** Data follows **

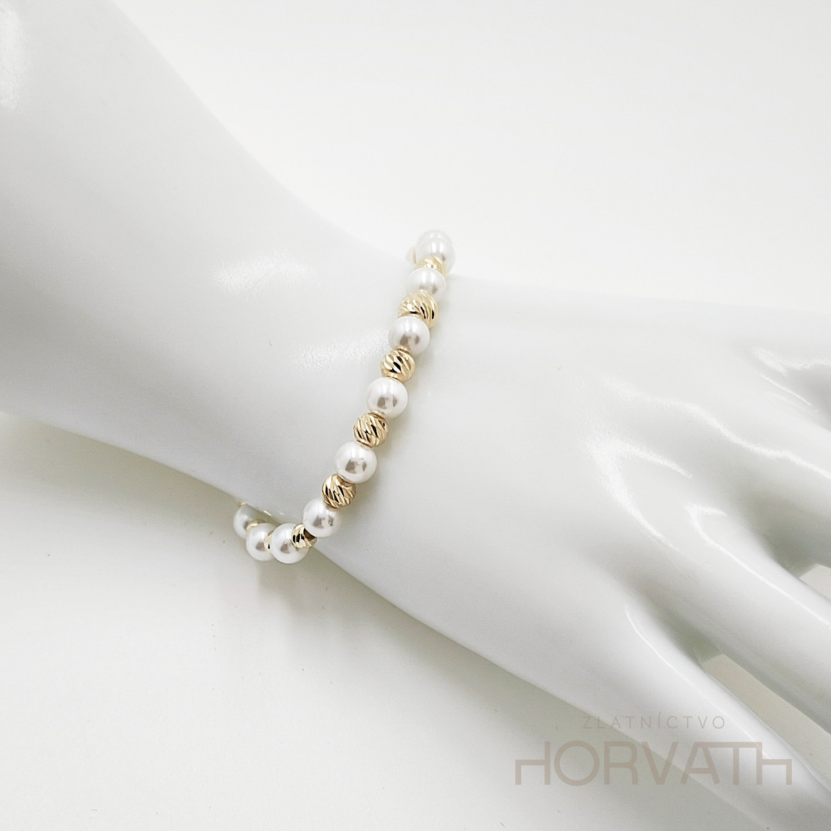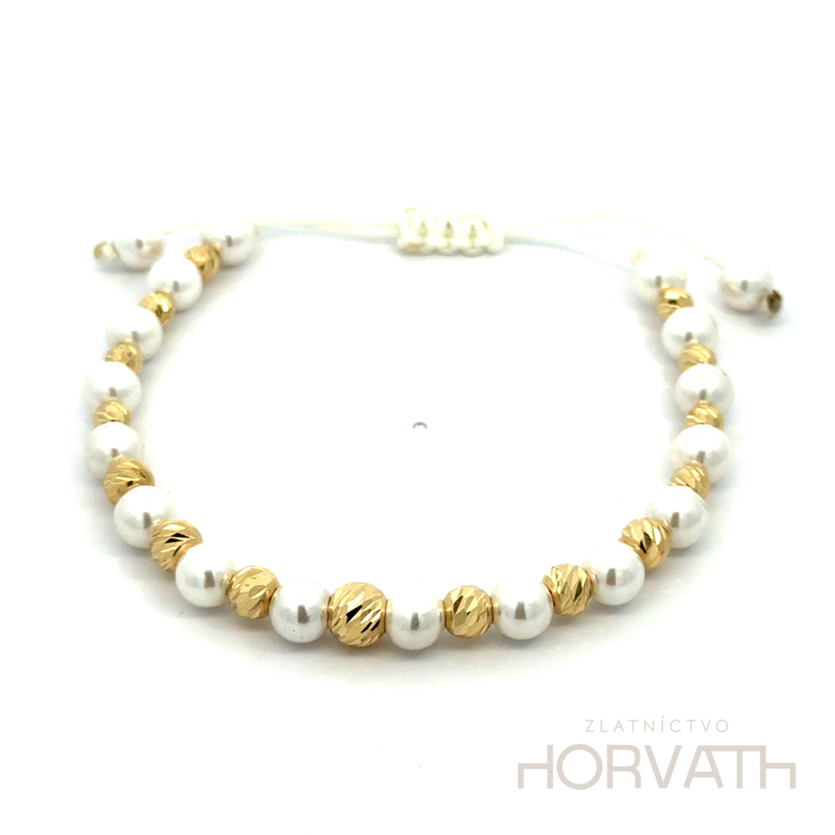 Zlatý náramok kombinovaný s riečnymi perlami ,zlaté guličky sú vyrobené zo 14 karátového zlata 585/1000. Zapínanie je posuvné, obvod je teda nastaviteľný.
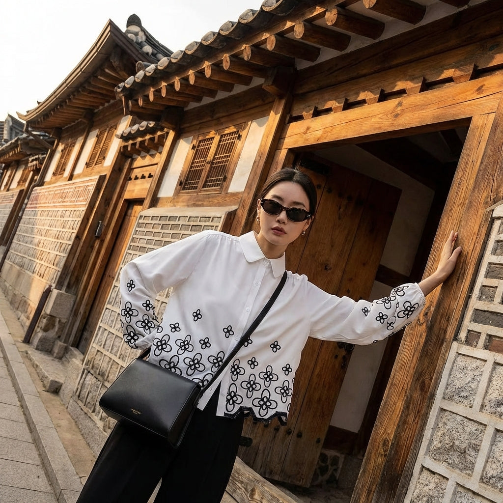 Esta camisa bordada es un imprescindible para aquellas que buscan una prenda chic, cómoda y fácil de combinar, que aporte un toque de estilo coreano a su armario.
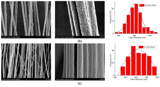 SEM pictures and the according diameter distribution (rightmost) of aligned porous CNFs with different PAN concentrations by MPEM (Average diameter: (a) 8 wt% PAN, 368.8 ± 17.3 nm; (b) 10 wt% PAN 406.4 ± 11.1 nm; (c) 12 wt% PAN 579.9 ± 26.6 nm).
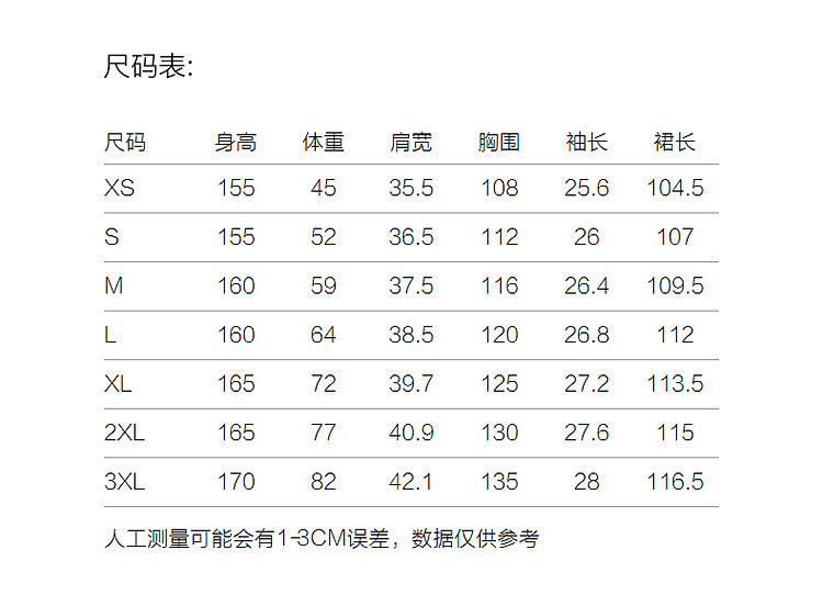 | 尺码 | 裙长(cm) | 肩宽(cm) | 腰围(cm) | 袖长(cm) | 胸围(cm) | 号型 |
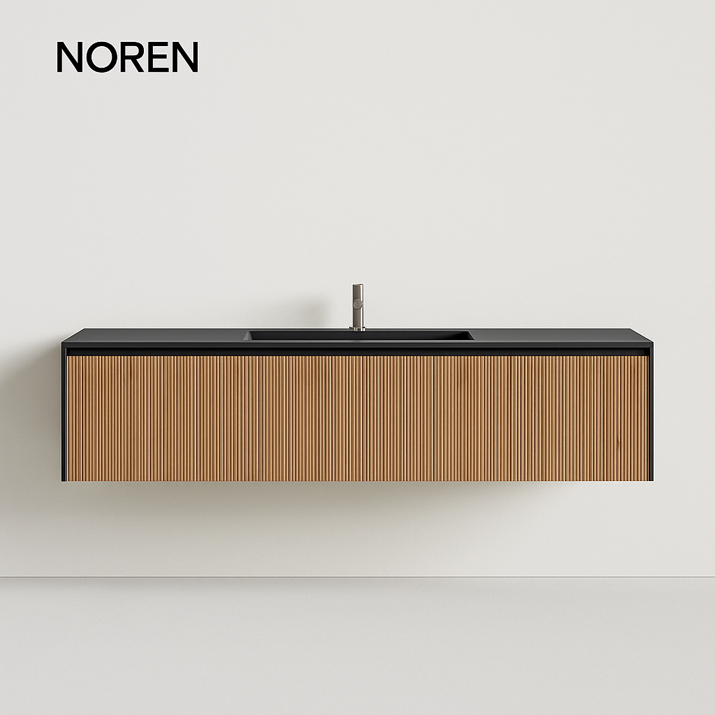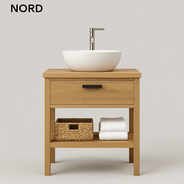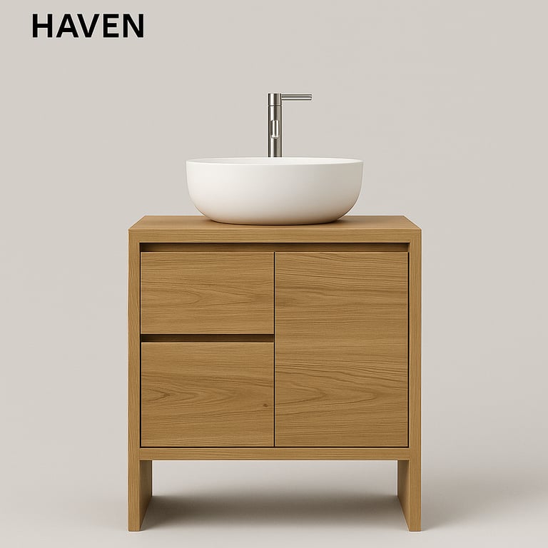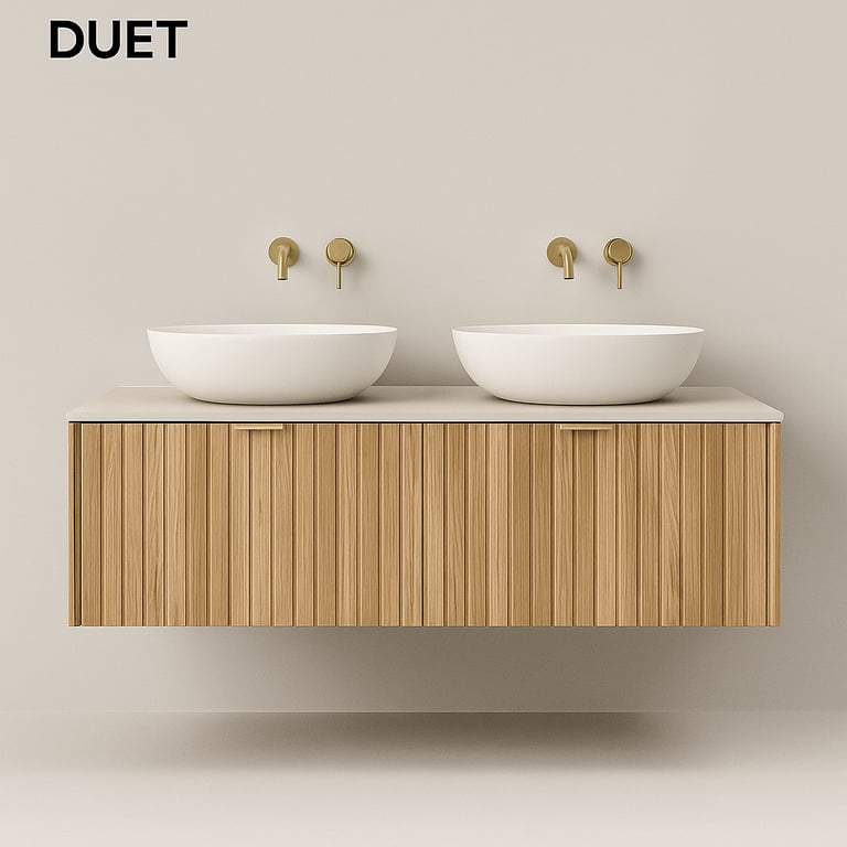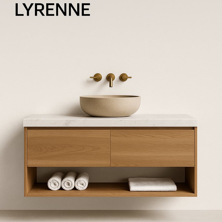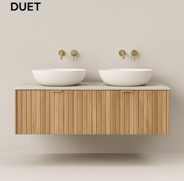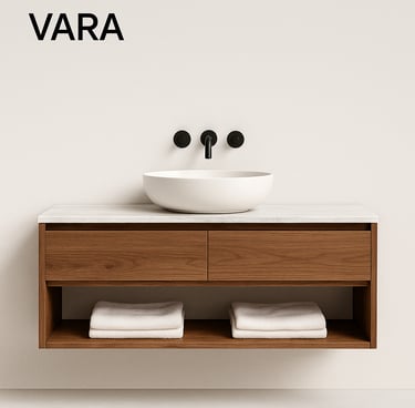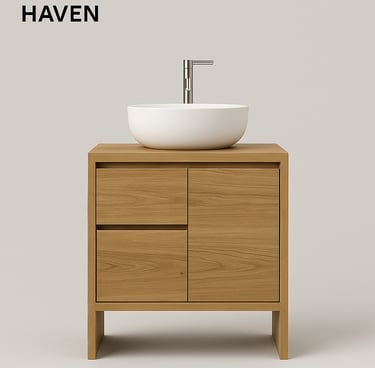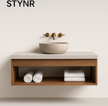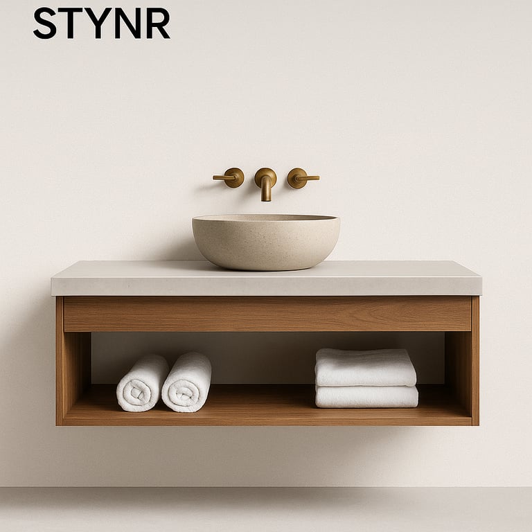 Discover the Vanities Collection by Stone Theory Studio — where natural teak wood and composite stone countertops merge into timeless, functional art.
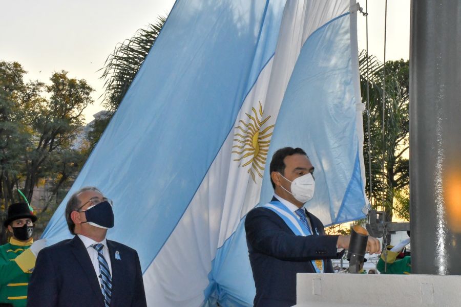 Luego la actividad se trasladó hacia la plaza 25 de Mayo, donde Valdés y Tassano izaron la Bandera con las estrofas del Himno Nacional Argentino de fondo. El acto además contó con ofrendas florales al pie del monumento a San Martín y un minuto de silencio.
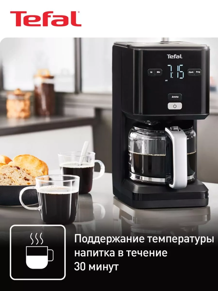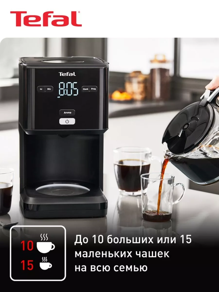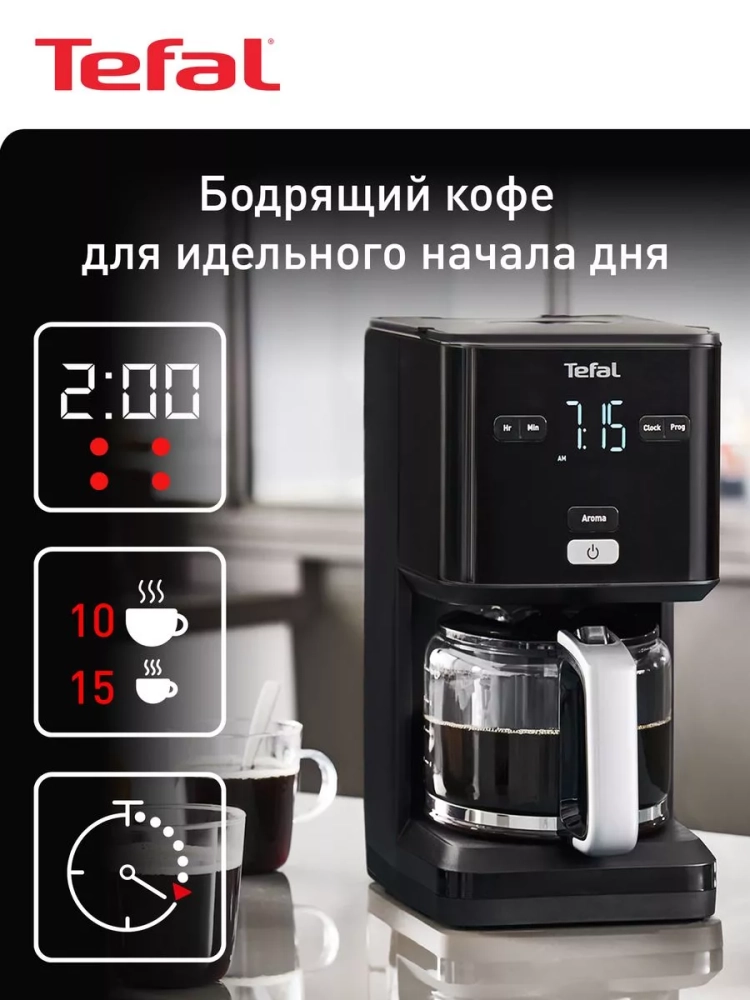 Вкусный и ароматный кофе начинается с удобной и красивой кофеварки Tefal Smart&Light CM600810. Капельная кофеварка оснащена яркой и интуитивной сенсорной панелью с простым управлением, которая позволяет запустить цикл варки в любое удобное время или запрограммировать автоматическое приготовление кофе благодаря таймеру отложенного старта до 24 ч.
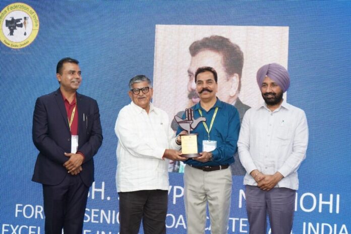 Chandigarh : Sarvpriya Nirmohi, a distinguished radio personality renowned for his extensive contribution in radio broadcasting,has been felicitated with the prestigious Award of Excellence in Radio Broadcasting and Anchoring by His Excellency Gulab Chand Kataria, the Honourable Governor of Punjab. The esteemed recognition was conferred during the 6th Entrepreneurs and Achievers Award ceremony, organized by the Media Federation of India (MFI) at PHD House, Sector 31, Chandigarh.
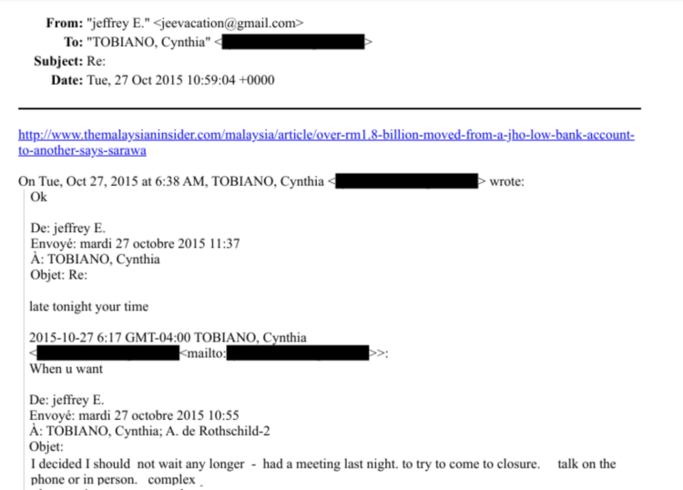 On 27th October 2015 Jeffrey Epstein arranged an urgent late night call with Cynthia Tobiano, the right hand deputy to the President of Edmond de Rothschild bank, Ariane de Rothschild, who was copied into the email exchange.

** End of Data **

Output the line that contains "Chandigarh : Sarvpriya" and every subsequent line through the end of the entries, exactly as given, without pictures.

**Result**.
 Chandigarh : Sarvpriya Nirmohi, a distinguished radio personality renowned for his extensive contribution in radio broadcasting,has been felicitated with the prestigious Award of Excellence in Radio Broadcasting and Anchoring by His Excellency Gulab Chand Kataria, the Honourable Governor of Punjab. The esteemed recognition was conferred during the 6th Entrepreneurs and Achievers Award ceremony, organized by the Media Federation of India (MFI) at PHD House, Sector 31, Chandigarh.
 On 27th October 2015 Jeffrey Epstein arranged an urgent late night call with Cynthia Tobiano, the right hand deputy to the President of Edmond de Rothschild bank, Ariane de Rothschild, who was copied into the email exchange.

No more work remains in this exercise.